Serving an Object Detection Model
Serving an Object Detection Model#
This example runs an object detection application with Ray Serve.
To run this example, install the following:
pip install "ray[serve]" requests torch
This example uses the ultralytics/yolov5 model and FastAPI. Save the following code to a file named object_detection.py.
Use the following Serve code:
import torch
from PIL import Image
import numpy as np
from io import BytesIO
from fastapi.responses import Response
from fastapi import FastAPI
from ray import serve
app = FastAPI()
@serve.deployment(num_replicas=1, route_prefix="/")
@serve.ingress(app)
class APIIngress:
def __init__(self, object_detection_handle) -> None:
self.handle = object_detection_handle
@app.get(
"/detect",
responses={200: {"content": {"image/jpeg": {}}}},
response_class=Response,
)
async def detect(self, image_url: str):
image_ref = await self.handle.detect.remote(image_url)
image = await image_ref
file_stream = BytesIO()
image.save(file_stream, "jpeg")
return Response(content=file_stream.getvalue(), media_type="image/jpeg")
@serve.deployment(
ray_actor_options={"num_gpus": 1},
autoscaling_config={"min_replicas": 1, "max_replicas": 2},
)
class ObjectDetection:
def __init__(self):
self.model = torch.hub.load("ultralytics/yolov5", "yolov5s")
self.model.cuda()
def detect(self, image_url: str):
result_im = self.model(image_url)
return Image.fromarray(result_im.render()[0].astype(np.uint8))
entrypoint = APIIngress.bind(ObjectDetection.bind())
Use serve run object_detection:entrypoint to start the serve application.
Note
The autoscaling config sets min_replicas to 0, which means the deployment starts with no ObjectDetection replicas.
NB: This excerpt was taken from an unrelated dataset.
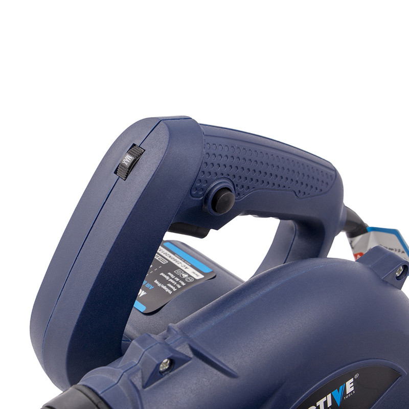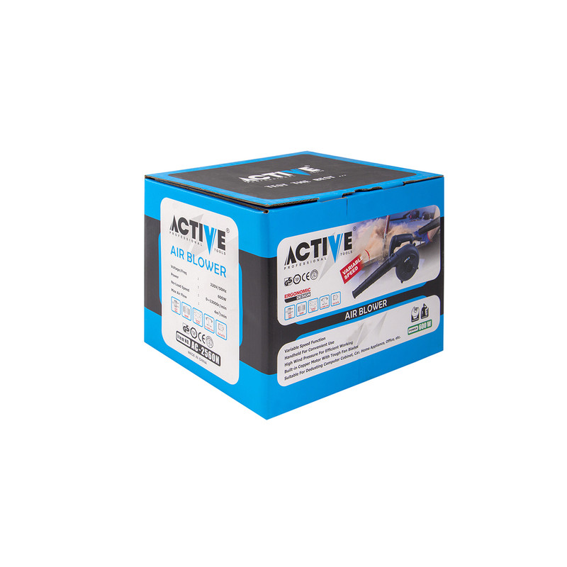 بلوور برقی وسیله ای جهت دمش هوا با قدرت بالا میباشد. این دستگاه عمدتا جهت پاکسازی محیط های مختلف استفاده بسیار بالایی دارد. بلوور برقی اکتیو مدل AC-2560N قابلیت چرخش فن از 0 دور در دقیقه تا 13000 دور در دقیقه را دارد تا هوا را با سرعت بالا به میزان 4 متر مکعب در دقیقه بدمد. این دستگاه دارای قدرت 600وات میباشد تا عملیات دمندگی به راحتی و بدون فشار به دستگاه انجام شود. همچنین میتوان از این دستگاه جهت مکش نیز استفاده نمود. مهمترین ویژگی و وجه تمایز این دستگاه، وجود دیمر (کلید تغییر سرعت دمنده گی) بر روی خود بدنه میباشد تا کاربر حین کار با این دستگاه براحتی میزان دمش هوا را تنظیم نماید و نیازی به خاموش نمودن دستگاه جهت تنظیم مقدار دمش هوا نباشد. در مسیر دمش این دستگاه میتوان از لوله لاستیکی این دستگاه که داخل بسته بندی آن وجود دارد استفاده نمود تا دمش هوا متمرکزتر انجام شود و همچنین دستگاه دورتر قرار گیرد تا گرد و غبار نزدیک به کاربر نشود. این بلوور (دمنده/مکنده) دارای کلید قفل کن میباشد تا در هنگام کار برای مدت طولانی، کاربر این کلید را فشار داده و بطور طولانی و مداوم از این دستگاه استفاده نماید. تمامی مراحل ساخت موتور این دستگاه از قبیل لاک گیری، بالانس، سیم پیچی و... در آرمیچر و بالشتک این دستگاه با استفاده از دستگاه های تمام اتوماتیک مطابق با آخرین فناوری روز دنیا تولید شده تا عمر مفید دستگاه به حداکثر برسد. بعلت دور بالای این دستگاه از بلبرینک با کیفیت و تقویت شده در این دستگاه استفاده شده است. بنه این دستگاه دارای طراحی ارگونومیک جهت خوشدستی و راحتی کاربر در حین کار طراحی شده و همچنین بدنه این دستگاه دارای عایق دوبل و از جنس PA6+GF30 که بهترین مواد جهت ساخت بدنه ابزار آلات برقی میباشد استفاده شده است. این دستگاه دارای کیسه جمع کننده گرد و غبار با مارک اکتیو جهت جمع آوری گرد و غبار نیز میباشد.

These replicas spawn only when a request arrives. After a period where no requests arrive, Serve downscales ObjectDetection back to 0 replicas to save GPU resources.
You should see the following logs:
(ServeReplica:ObjectDection pid=4747) warnings.warn(
(ServeReplica:ObjectDection pid=4747) Downloading: "https://github.com/ultralytics/yolov5/zipball/master" to /home/ray/.cache/torch/hub/master.zip
(ServeReplica:ObjectDection pid=4747) YOLOv5 🚀 2023-3-8 Python-3.9.16 torch-1.13.0+cu116 CUDA:0 (Tesla T4, 15110MiB)
(ServeReplica:ObjectDection pid=4747)
(ServeReplica:ObjectDection pid=4747) Fusing layers...
(ServeReplica:ObjectDection pid=4747) YOLOv5s summary: 213 layers, 7225885 parameters, 0 gradients
(ServeReplica:ObjectDection pid=4747) Adding AutoShape...
2023-03-08 21:10:21,685 SUCC <string>:93 -- Deployed Serve app successfully.
Use the following code to send requests:
import requests
image_url = "https://ultralytics.com/images/zidane.jpg"
resp = requests.get(f"http://127.0.0.1:8000/detect?image_url={image_url}")
with open("output.jpeg", 'wb') as f:
f.write(resp.content)
The output.png file is saved locally. Check it out!